- The region before and after reorganisation

Parliament of India
- Long title An Act to provide for the Reorganisation of the existing State of Punjab and for matters connected therewith. ;
- Citation: No. 31 of 1966
- Enacted by: Parliament of India
- Enacted: 18 September 1966

= Punjab Reorganisation Act, 1966 =

Act of the Parliament of India

The Punjab Reorganisation Act, 1966 was passed by the Indian Parliament on 18 September 1966, separating territory from the state of Punjab, most of which formed the new state of Haryana. Some of the Punjab state territory was transferred to Himachal Pradesh, then a Union territory; while Chandigarh, the capital of Punjab, was made a temporary Union territory to serve as the provisional capital of both Punjab and Haryana. The larger state of Punjab had been formed under the States Reorganisation Act, 1956 by merging East Punjab and PEPSU. The 1966 separation was the result of the Punjabi Suba movement, which agitated for the creation of a Punjabi-speaking state (the modern state of Punjab); in the process a majority Hindi-speaking state was created (effectively, Haryana).
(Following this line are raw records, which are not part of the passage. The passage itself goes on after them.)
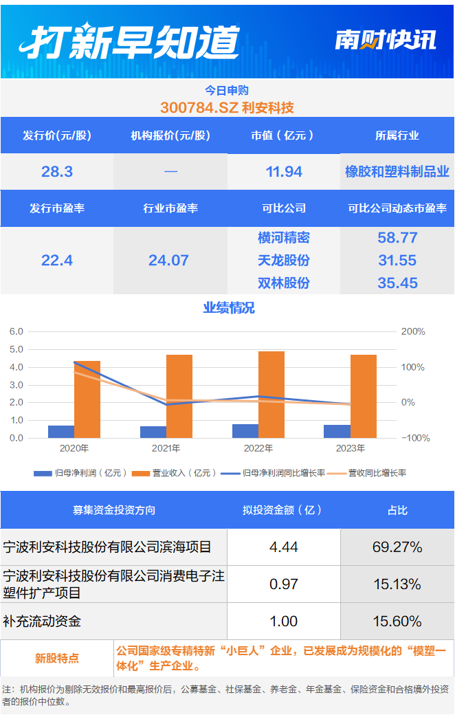 5月28日,可申购创业板上市的利安科技,该公司成立于2006年,主要从事注塑产品以及精密注塑模具的研发、生产和销售,是集产品工业设计、精密模具设计、制造、注塑、喷涂以及组装等于一体的专业精密制造企业。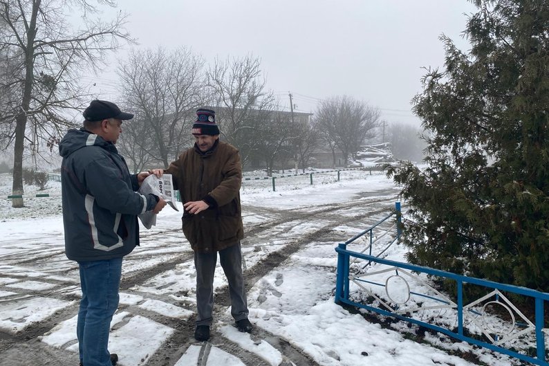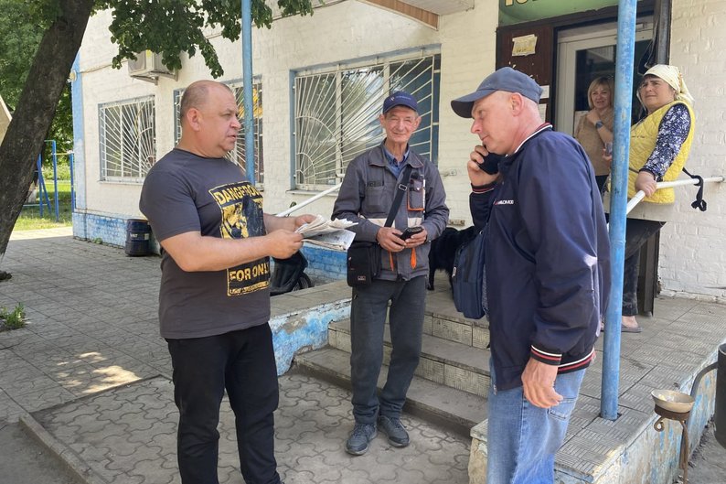 Олексій Пасюга привіз газету “Ворскла” у Велику Писарівку, травень 2025 року. Олексій Пасюга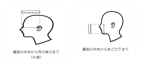 - 鼻筋の中央からあごの下まで(最大)12.5 - 12.5 cm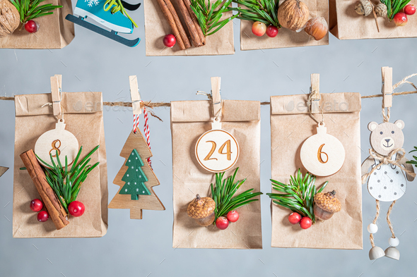 Creative Advent Calendar for Christmas as paper bag with clips Stock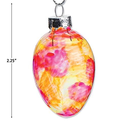 Our egg shaped holiday ornaments are lovingly crafted from prime quality materials and are made to last for plenty of Easter holidays to come. This set features 12 glass eggs decorated in elegant swirls of stained glass with a view to sparkle and shine in an assortment of springtime shades, whether hanging from a tree or placed in a crystal bowl as a stunning holiday centerpiece.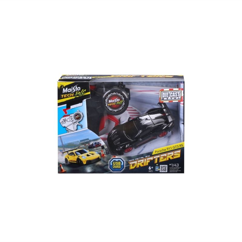 Fabricado por Maisto, este Porsche 911 GT3 RS pertenece a la serie Mini Metal R/C Drifters y viene en escala 1:43. Mide aproximadamente 10 cm de largo y está hecho con carrocería metálica y detalles plásticos. El auto cuenta con sistema de control remoto, batería interna recargable mediante cable USB (incluido), ideal para sesiones prolongadas de juego sin necesidad de pilas. Su tamaño lo hace perfecto para interiores y pistas reducidas.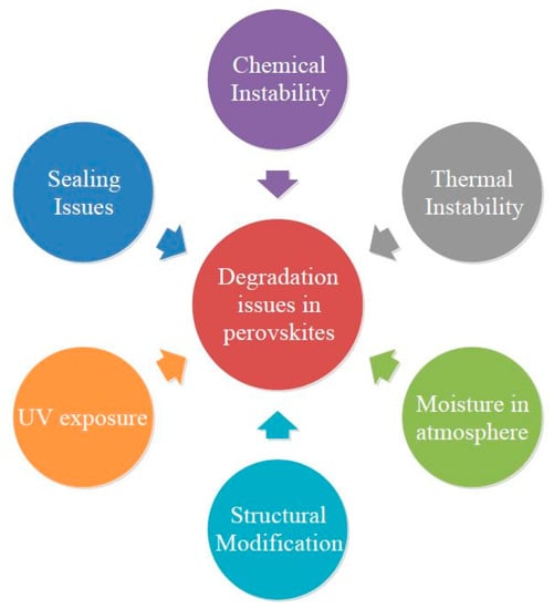 - Wang, D.; Wright, M.; Elumalai, N.K.; Uddin, A. Stability of perovskite solar cells. Sol. Energy Mater. Sol. Cells 2016, 147, 255–275. [Google Scholar] [CrossRef]

The territorial changes as a result of the reorganisation of the erstwhile composite Punjab State are listed below :

1. Entire districts of Hisar, Rohtak, Gurgaon, Karnal and Mahendra-garh, complete tahsils of Ambala, Jagadhri, Naraingarh and 153 villages along with Kalka town of Kharar tahsil of Ambala district and two tahsils viz., Jind and Narwana of Sangrur District (44,222.0 kmsq.) were transferred from the composite Punjab for formation of the newly created State of Haryana on 1 November 1966.
2. Entire districts of Kangra, Simla, Lahaul and Spiti, three towns viz. Bakloh(C.B.), Dalhousie(M.C) and Dalhousie Cantt. town (14.3 kmsq.) of Gurdaspur district, complete Nalagarh tahsil of Ambala district and 290 villages along with Una town of the Una tahsil of Hoshiarpur district (27,277.3 kmsq.) were transferred to Himachal Pradesh.
3. 36 villages, Manimajra and Chandigarh towns of Kharar tahsil of Ambala district (114.0 kmsq, were lumped together to come out as a separate administrative unit styled as Union Territory of Chandigarh.
4. Entire districts of Amritsar, Bathinda, kapurthala, Jalandhar, Ludhiana, Firozpur, Patiala and Complete tahsil of Barnala, Malerkotla & Sangrur tahsil of Sangrur district and Gurdaspur district without Bakloh, Dalhousie and Dalhousie Cantt. town, Complete tahsils of Dasuya, Garhshankar, Hoshiarpur, 237 villages with Nangal, Naya Nangal and Anandpur Sahib towns of the Una tahsil of Hoshiarpur district, Entire tahsil of Ropar, 282 villages along with Kharar and Kurali towns Kharar tahsil of composite Ambala district remain in Punjab.

Within the Chandigarh Capitol Complex, the Palace of Justice hosts a sole Punjab and Haryana High Court as the common state supreme court for both states; the Palace of Assembly houses both the Punjab Legislative Assembly and the Haryana Legislative Assembly; and the Secretariat Building hosts the offices of the Chief Secretaries of both states. The state governors' residences, Punjab Raj Bhavan and Haryana Raj Bhavan, are next to each other on Sukhna Lake.